Colonial rejects this approach. 

“We don’t want a portfolio full of value managers,” Tully says. 

Value managers have periods where they all perform very similarly, and there needs to be a good mix of managers in there to get good diversification, he says. 

Colonial has just two good quality value managers in its equity portfolio, he says. 

Whatever approach they take, investors shouldn’t put too much emphasis on short-term performance when selecting managers. They need to look instead at future trends, Ostergaard warns. 

In the past, some managers lined up what they thought were the best value, growth, small cap managers and so on, based on their recent performance, and back-tested their returns over a short period. 

But those allocations were static, and rebalancing back to strategic weights happened as though recent history would repeat itself indefinitely, with no dynamic asset allocation, Ostergaard wrote. 

Asset managers were also outsourcing all outperformance to the underlying managers, implying that all alpha should come from shares only.
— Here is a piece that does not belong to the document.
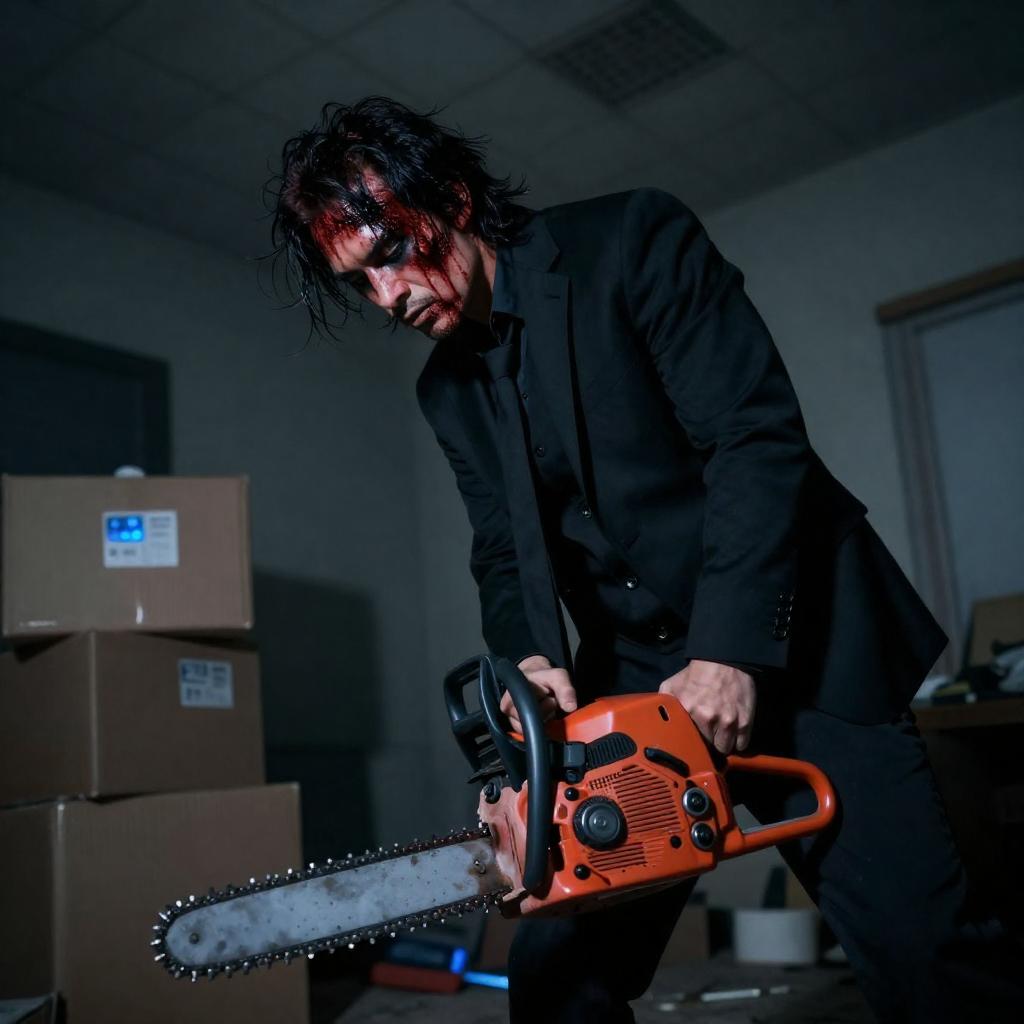 Man with bloody face and wild hair, wearing black suit, holding red chainsaw, leaning forward in dimly lit, cluttered room. Boxes and blue light in background. Intense expression. Chainsaw in right hand. Ceiling grid above.

But alpha comes from a range of sources, including asset allocation, stock selection, and currency in global equities, he wrote. 

Colonial is firmly in the strategic asset allocation camp. 

“We believe that it is more important to set your overall risk profile and then incrementally change that from time to time as markets change,” Tully says. 

Dynamic asset allocation is too much like trying to time markets, and that tends to lead to decisions that don’t add value to the portfolio, he says. 

However, Webb also believes in the dynamic approach. 

Perpetual focuses on how it’s going to build a long-term strategic asset allocation, but also has a very active program in how it manages its allocations to the shorter-term ebb and flow of markets. 

Both the strategic and tactical approaches look for a good mix of uncorrelated assets as building blocks for their portfolio, and they constantly adjust that through the cycle, Webb says. 

Fletcher is critical of using tactical approaches to solve problems with multi-manager funds. 

“Some asset managers try to address issues that were brought to prominence by the GFC by grabbing a traditional bottom-up multi-manager approach and adding more tactical market timing to it. But that still won’t address the end result of ‘What outcome am I after and am I even on track?’. 

“That is what investors are desiring. Just increasing a range and whacking around your allocations a lot more is no guarantee you’re going to get any closer to that outcome,” Fletcher says. 

Whatever the arguments, it is clear that asset managers are settling in for multi-manager funds to play a more important role for years to come. 

Matthews believes that multi-manager funds are going to remain important to advisers because fundamentally it makes sense for their business. 

Advisers are still going to have the pressures of compliance and making sure their businesses are economically sound, Tully says.  

And for many advisers, their desire to try and select managers by themselves will stay where it is – nowhere.